As long as you only RefCell::borrow_mut() Mutex::lock() once or a few times within an exported extern function, the cost of the check will be utterly insignificant next to the cost of crossing the JS/Wasm boundary at all.

static RefCells aren't allowed, since RefCell is !Sync, so you'd have to use static Mutexes instead. (The overhead should also be relatively small, though it may be larger if and when WASM atomics, or WASM threading in general, becomes a thing. It also likely won't detect deadlocks as well as a RefCell, unless it has a specialized implementation that I'm unaware of.)

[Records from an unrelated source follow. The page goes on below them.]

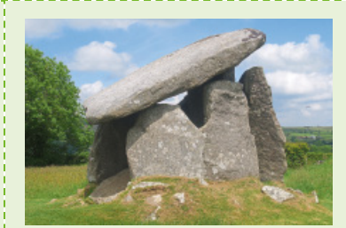
go to Bodmin Moor | visit some prehistoric monuments

If you don't like hotels, you can stay on a farm.
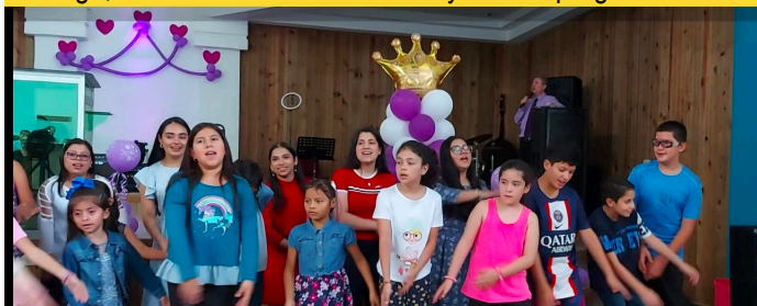
Teachers and students singing and dancing with the children of one of the Sunday School classes
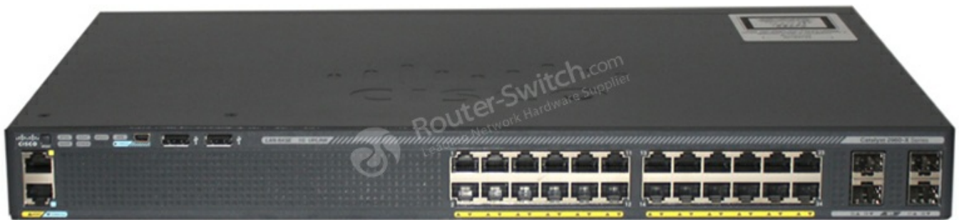
Table 1 shows the Quick Spec of the Cisco 2960X-24TS-L switch.

Figure 1 shows the front view of the Cisco 2960X-24TS-L switch.
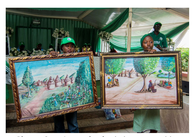
Plateau State Inter-school paintings competition
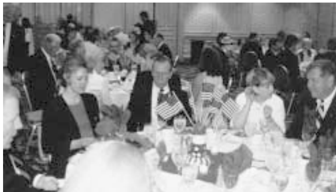
Over 225 members, guests, and children enjoyed the Independence Day Luncheon held at the Society Hill Sheraton in Philadelphia
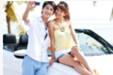
Happy Visitors in Rental Car
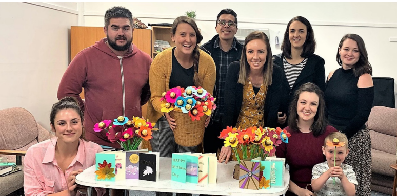
Launceston Youth with the goodies they made for Mother's Day

Launceston youth and some helpers spent Mother's Day creating chocolate flowers and handmade cards for some of the older and forgotten, mums of our church. They also made a visit to the Launceston General Hospital maternity ward to wish all the new mums congratulations and a happy Mother's Day. Thank you to all these lovely people who gave up some of their own time to make others feel wanted. Well done Launceston youth for a great initiative and team effort.
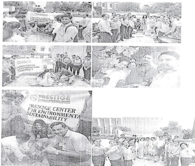
Glimpse of the event
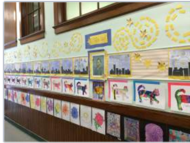
~ Art ~
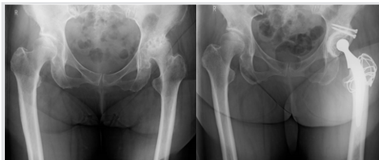
Figure 1: (a and b) Pre-operative and post-operative X-ray photograph. Cemented total hip arthroplasty was performed with transtrochanteric approach
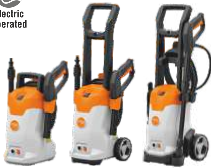
RE 80X RE 80 RE 90
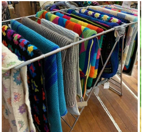
Winter warmers 2023
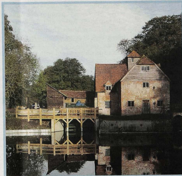
The watermill at Mapledurham House

citizens. Children under five will be admitted free. A family ticket for two adults and two children will cost £20. Call the Mapledurham State office for tickets on 0118 9723350.
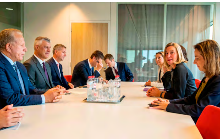
Federica Mogherini meets President of Kosovo, Hashim Thaci in Brussels on September 7, 2018

demarcating a border between Serbs and Albanians once and for all had the distinct echo of wanting to erect something more akin to a Chinese wall between the two nations than of laying the ground for improving relations.

In general, if I had a bunch of static mut variables that I wanted to access by name instead of passing their references around everywhere, I'd consider a 'phased' design, where in one phase, I access the variables as strictly read-only (holding onto as many immutable references as I'd like), and in the other phase, I carefully read from and write to the variables one at a time, not holding onto any dangerous references between each access. (In a game context, these two phases might be rendering the state vs. updating the state.)

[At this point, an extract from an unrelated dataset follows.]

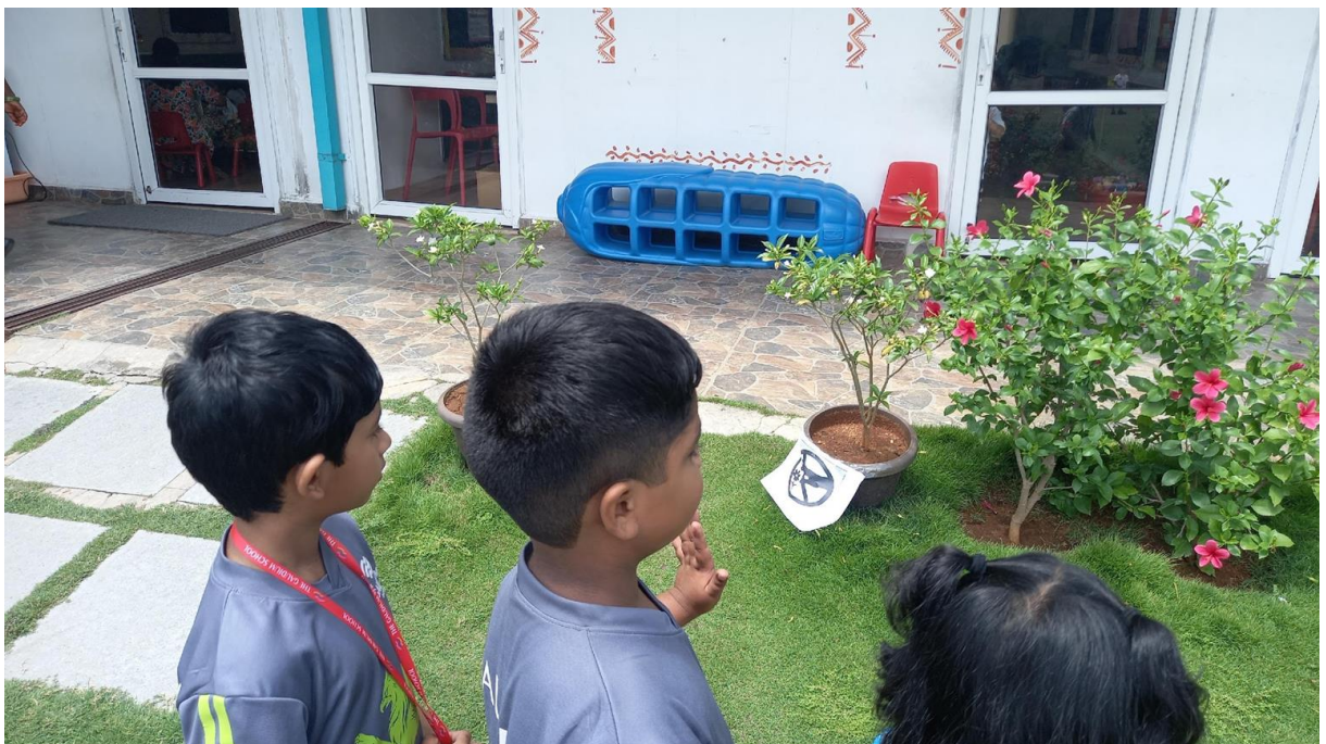
Students exploring different signs and symbols during the school tour.

Alternatively, as much as possible, I'd consider encapsulating the static muts into safe getter and setter functions that don't keep any references. E.g., instead of directly iterating over &mut PLAYERS, create a function that allows updating them by value:

pub fn update_players(mut f: impl FnMut(Player) -> Player) {
    let len = unsafe { (*&raw const PLAYERS).len() };
    for i in 0..len {
        let old_value = std::mem::take(unsafe { &mut PLAYERS[i] });
        let new_value = f(old_value);
        unsafe { PLAYERS[i] = new_value };
    }
}

/* ... */

update_players(|mut p| {
    p.x += p.v_x * dt;
    p.y += p.v_y * dt;
    p
});

(Of course, it wouldn't have to be quite so generic: an update_player_pos() function containing an ordinary for p in &mut PLAYERS { ... } loop would also work. The important part is that each wrapper function only accesses one variable at a time, and it doesn't let any references to the variable get out, similarly to a safe Cell.)

Note that in that work we did not consider Stacked Borrows / Tree Borrows requirements you are discussing here. We showed that the type does not violate any type system requirements, but we have yet to merge that line of work with the full suite of Rust language requirements including the aliasing rules.

OTOH, proving some concrete program is a lot easier than proving soundness of a reusable library.

The same goes for shared references. So really, the statement should be: if you exclusively use raw pointers, you are fine.

Note that we have not decided yet whether MY_STATIC = 5; and *(&raw mut MY_STATIC) = 5 are equivalent. Until we have decided that, direct accesses to the static should not be mixed with raw pointer accesses.

Of course it's easier to prove for a specific case than the general; however the point I was attempting to make is that there is a big difference between saying "it is easy to prove…" and actually proving that thing whether that "thing" is a general case or specific example.

When one wants to escape the guarantees Rust's type system provides, then I think it's reasonable to set a higher bar for what is acceptable due to the ramifications of safety violations that can occur. Anyone that has read some of your posts should know just how crazily easy it is to write incorrect code. Mind you I'm not someone who automatically finds a crate without forbid(unsafe_code) as "inferior" to a crate that has it—I write unsafe code when I deem it necessary/worth it—but I do hold such code to a higher level of accountability.

I shouldn't have stated that GhostCell was proven to not violate the aliasing rules though. I apologize for the mistake.